Canada needs common greenhouse gas regulations, not patchwork, Flaherty says
January 14, 2008
VANCOUVER - A patchwork of carbon taxes and greenhouse gas rules across the country isn't a good solution to Canada's environmental woes, the federal finance minister says.
Jim Flaherty said Monday the country needs to work toward a common set of regulations aimed at reducing greenhouse gas emissions.
…Quebec became the first jurisdiction in Canada to put in place a green tax on carbon fuels in its last budget, to help finance the province's plan to reduce greenhouse gases, something that Flaherty has criticized.
The plan was created to help Quebec reach its Kyoto protocol targets, which is to reduce greenhouse gas emissions to 1990 levels by 2012.
Wait, wait… this sounds strangely familiar. Where have I heard this before? Oh, yeah…
Friday, Dec. 21, 2007
The EPA on Wednesday denied California's attempt to place first-ever U.S. limits on automobile emissions of heat-trapping gases, which account for about 30 percent of the U.S. total.

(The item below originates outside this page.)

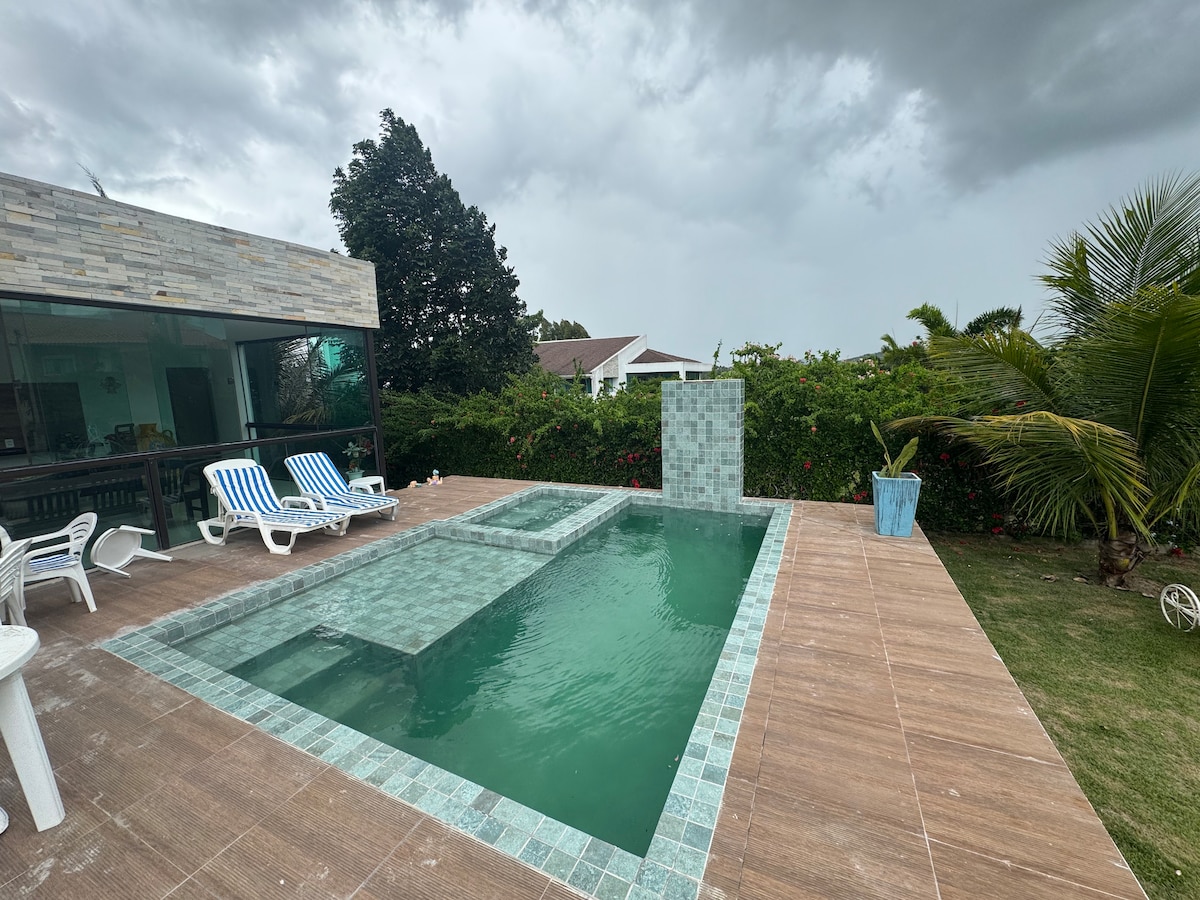 Casa Nova, z 2 sypialniami, 3 podwójnymi łóżkami, basenem, antresolą, 2 łazienkami, w pobliżu Bezerros. Sala gier, korty tenisowe, siatkówka, piłka nożna.

The EPA said an energy bill signed into law this week by President George W. Bush means no further action is needed to cut carbon dioxide emissions from vehicles.
The EPA, charged with making the decision, said the law to raise automobile fuel standards by 40 percent by 2020 was a "better approach" than a "patchwork" of state rules.
Apparently the Bush-appointed head of the EPA reached his decision, which went against the wishes and advise of his staff, soon after Dick Cheney met with auto industry executives who presented him with a letter explaining why it would be wrong to allow individual states to set greenhouse gas emission standards on their cars.
I'm guessing all it took for Flaherty to reach the same conclusion was a quick peek across the border to see what the Americans were doing. And then copy down that whole 'patchwork' thing. 'Cause that sounded pretty good.
And by the way, isn't Jim Flaherty the Finance Minister?!? Shouldn't the Minister of the Environment be dealing with this? Or Industry? Or Intergovernmental Affairs? Or... well, anybody else?
(H/T to 'Pyotr Petrobitch', a fellow commenter over at
Garth Turner's Political Mayhem)
Flim-Flam Dim-Jim gets most of his catchy jingoistic simplistic solutions by reading his press clippings over his caffelatte, which have been prepared for him to fit within that leisurely function. Everything is leisurely to Flim-Flam ... Just look at what he and his gang did to Ontario.